Stored items from a collection
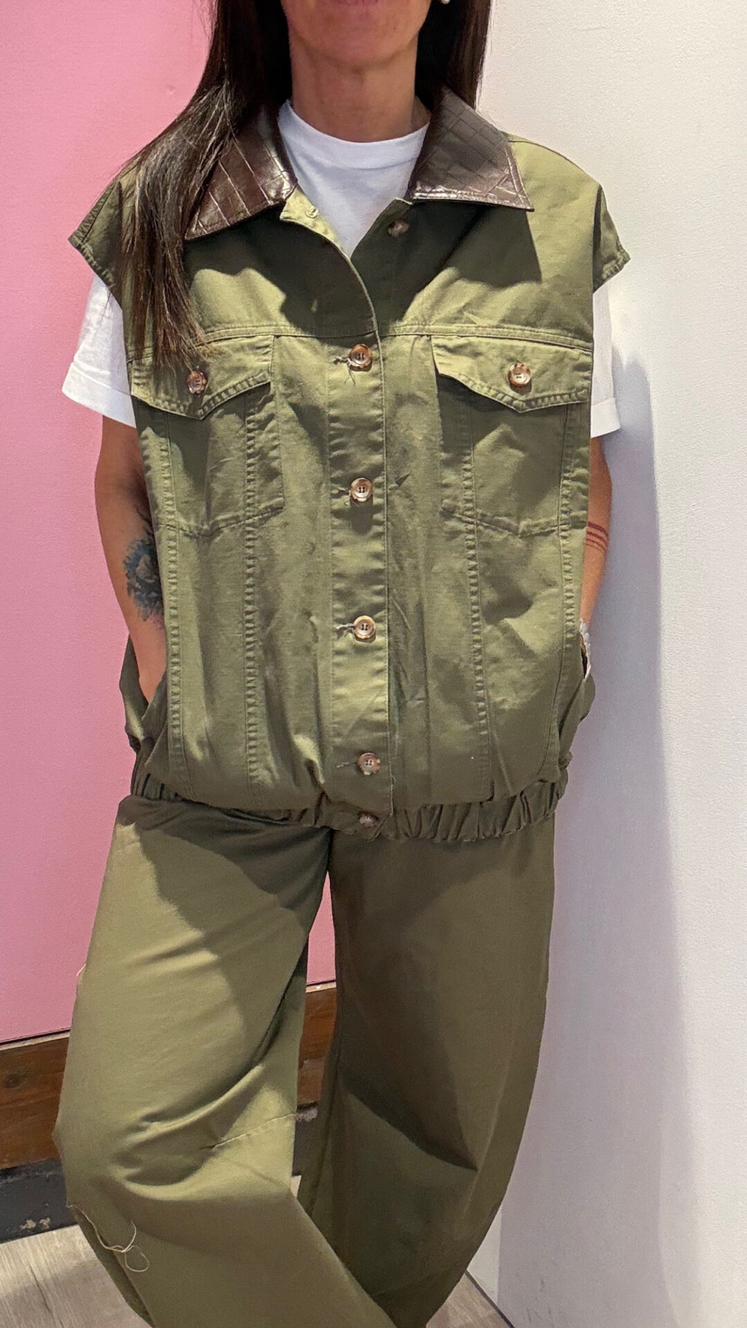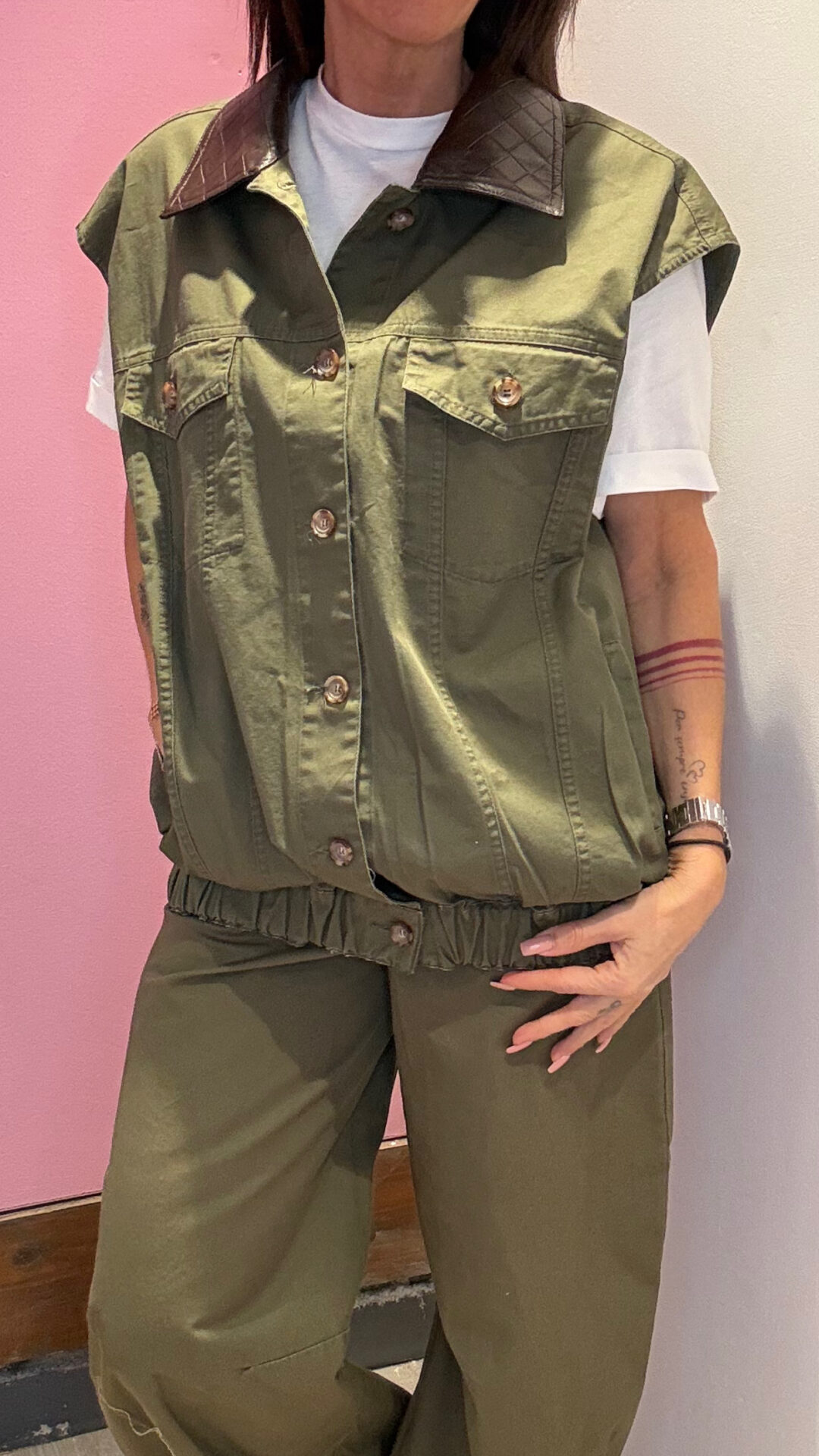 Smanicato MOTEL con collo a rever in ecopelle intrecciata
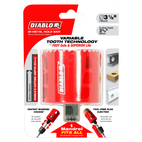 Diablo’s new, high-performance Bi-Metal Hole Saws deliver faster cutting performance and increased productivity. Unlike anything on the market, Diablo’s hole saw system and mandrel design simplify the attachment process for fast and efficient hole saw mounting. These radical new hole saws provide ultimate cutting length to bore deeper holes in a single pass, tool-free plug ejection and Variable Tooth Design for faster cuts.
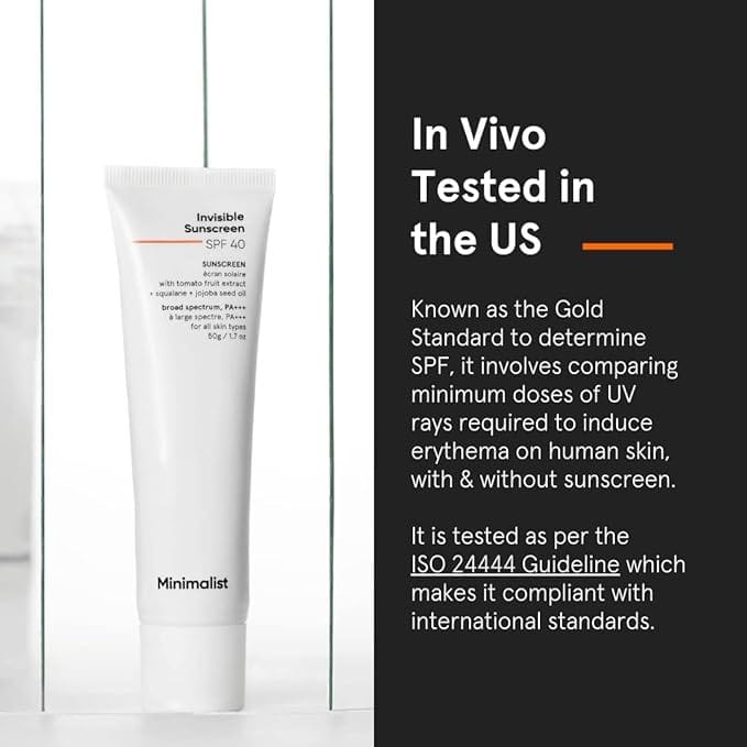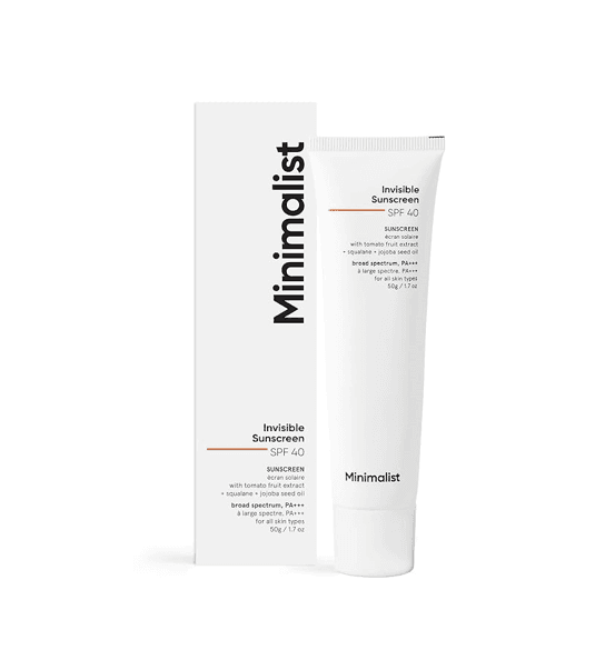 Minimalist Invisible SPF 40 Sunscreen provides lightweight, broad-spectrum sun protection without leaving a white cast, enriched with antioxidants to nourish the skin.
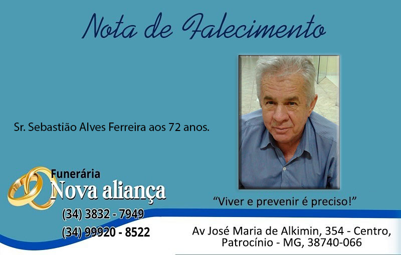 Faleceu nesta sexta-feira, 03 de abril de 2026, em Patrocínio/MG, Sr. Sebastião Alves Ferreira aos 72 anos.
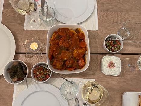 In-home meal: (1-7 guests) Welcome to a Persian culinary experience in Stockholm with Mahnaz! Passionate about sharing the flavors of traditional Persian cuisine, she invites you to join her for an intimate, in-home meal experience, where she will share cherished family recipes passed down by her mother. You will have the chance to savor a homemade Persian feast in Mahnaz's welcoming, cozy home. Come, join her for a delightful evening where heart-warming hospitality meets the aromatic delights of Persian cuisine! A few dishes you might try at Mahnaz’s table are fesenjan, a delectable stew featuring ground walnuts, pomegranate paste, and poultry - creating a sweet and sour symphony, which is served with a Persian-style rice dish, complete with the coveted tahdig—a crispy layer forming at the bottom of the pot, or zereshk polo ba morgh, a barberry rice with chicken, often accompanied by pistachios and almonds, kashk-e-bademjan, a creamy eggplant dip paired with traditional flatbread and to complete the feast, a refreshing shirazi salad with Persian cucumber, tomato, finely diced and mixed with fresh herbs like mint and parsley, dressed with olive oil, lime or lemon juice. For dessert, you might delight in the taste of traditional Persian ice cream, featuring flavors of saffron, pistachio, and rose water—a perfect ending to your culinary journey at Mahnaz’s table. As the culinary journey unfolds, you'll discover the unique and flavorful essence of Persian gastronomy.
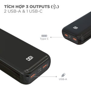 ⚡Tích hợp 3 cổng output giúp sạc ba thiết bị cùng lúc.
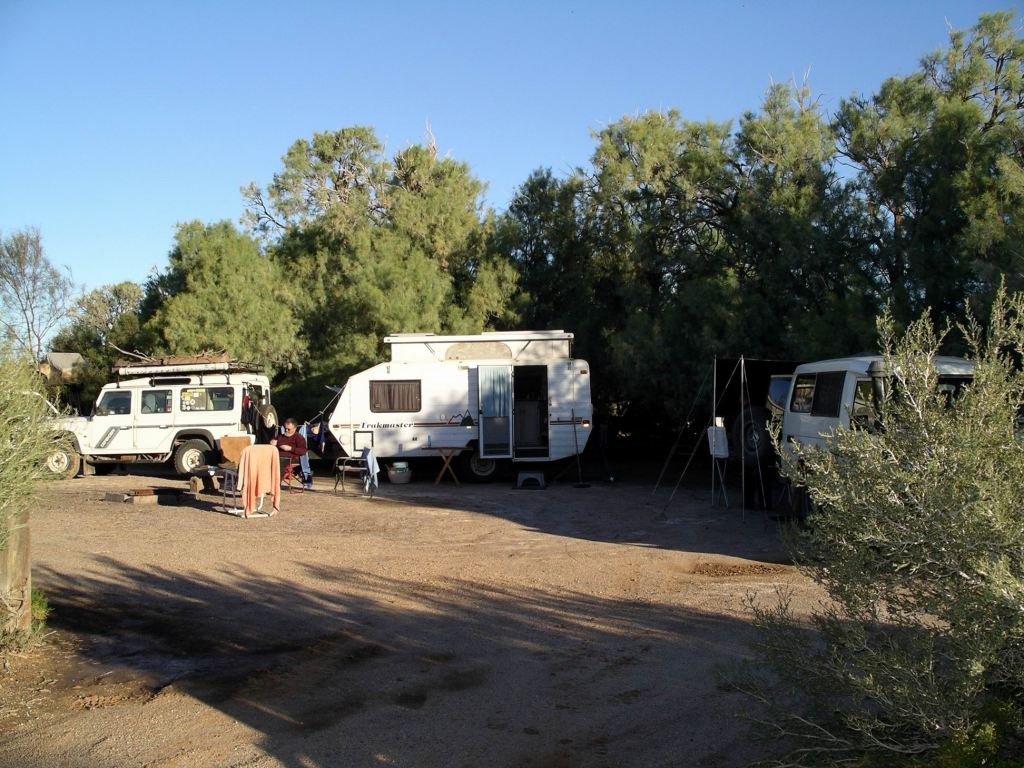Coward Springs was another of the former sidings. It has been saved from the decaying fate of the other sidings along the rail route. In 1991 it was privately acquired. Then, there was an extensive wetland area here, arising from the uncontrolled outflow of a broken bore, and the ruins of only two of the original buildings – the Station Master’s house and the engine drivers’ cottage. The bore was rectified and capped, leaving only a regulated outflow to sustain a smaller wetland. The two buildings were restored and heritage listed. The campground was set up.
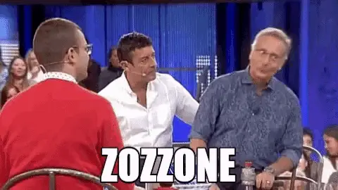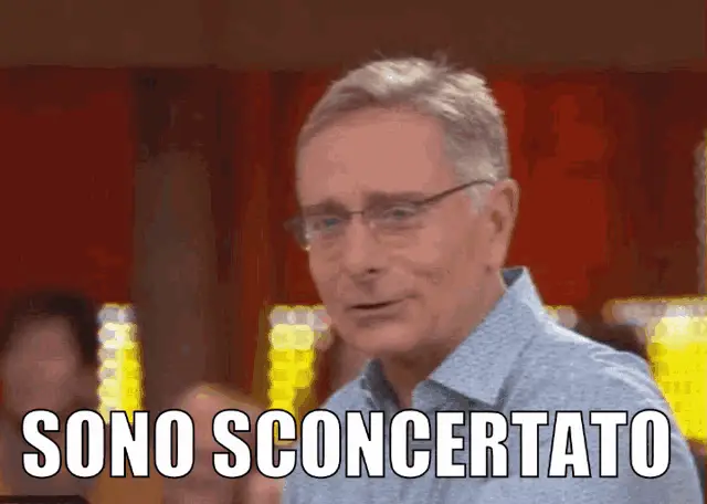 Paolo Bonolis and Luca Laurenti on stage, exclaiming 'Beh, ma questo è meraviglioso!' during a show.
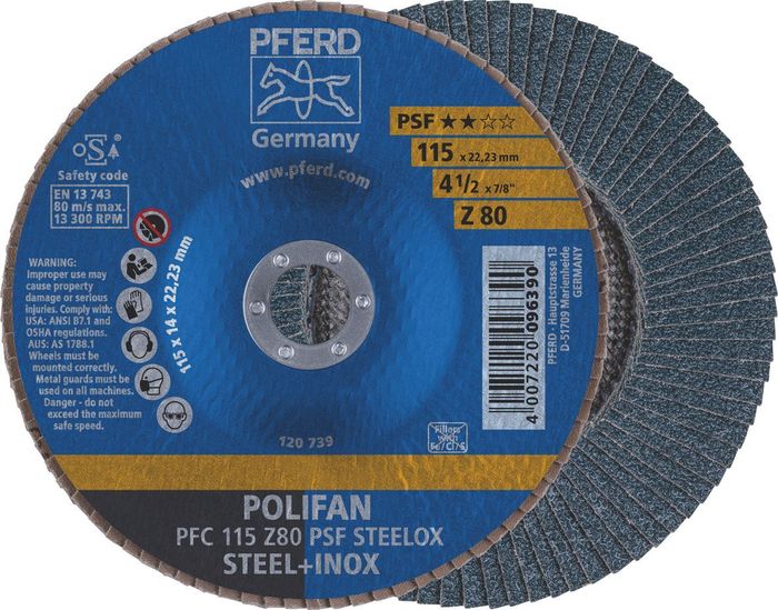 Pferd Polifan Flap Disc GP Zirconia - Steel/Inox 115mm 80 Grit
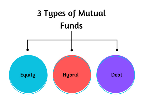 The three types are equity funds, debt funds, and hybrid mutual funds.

*What to produce*
Exactly the lines from the one with "bị cùng lúc." through the end of the records should be written out, and only those. Pictures do not belong in the copy.

*Written solution*
 ⚡Tích hợp 3 cổng output giúp sạc ba thiết bị cùng lúc.
Coward Springs was another of the former sidings. It has been saved from the decaying fate of the other sidings along the rail route. In 1991 it was privately acquired. Then, there was an extensive wetland area here, arising from the uncontrolled outflow of a broken bore, and the ruins of only two of the original buildings – the Station Master’s house and the engine drivers’ cottage. The bore was rectified and capped, leaving only a regulated outflow to sustain a smaller wetland. The two buildings were restored and heritage listed. The campground was set up.
 Paolo Bonolis and Luca Laurenti on stage, exclaiming 'Beh, ma questo è meraviglioso!' during a show.
 Pferd Polifan Flap Disc GP Zirconia - Steel/Inox 115mm 80 Grit
 The three types are equity funds, debt funds, and hybrid mutual funds.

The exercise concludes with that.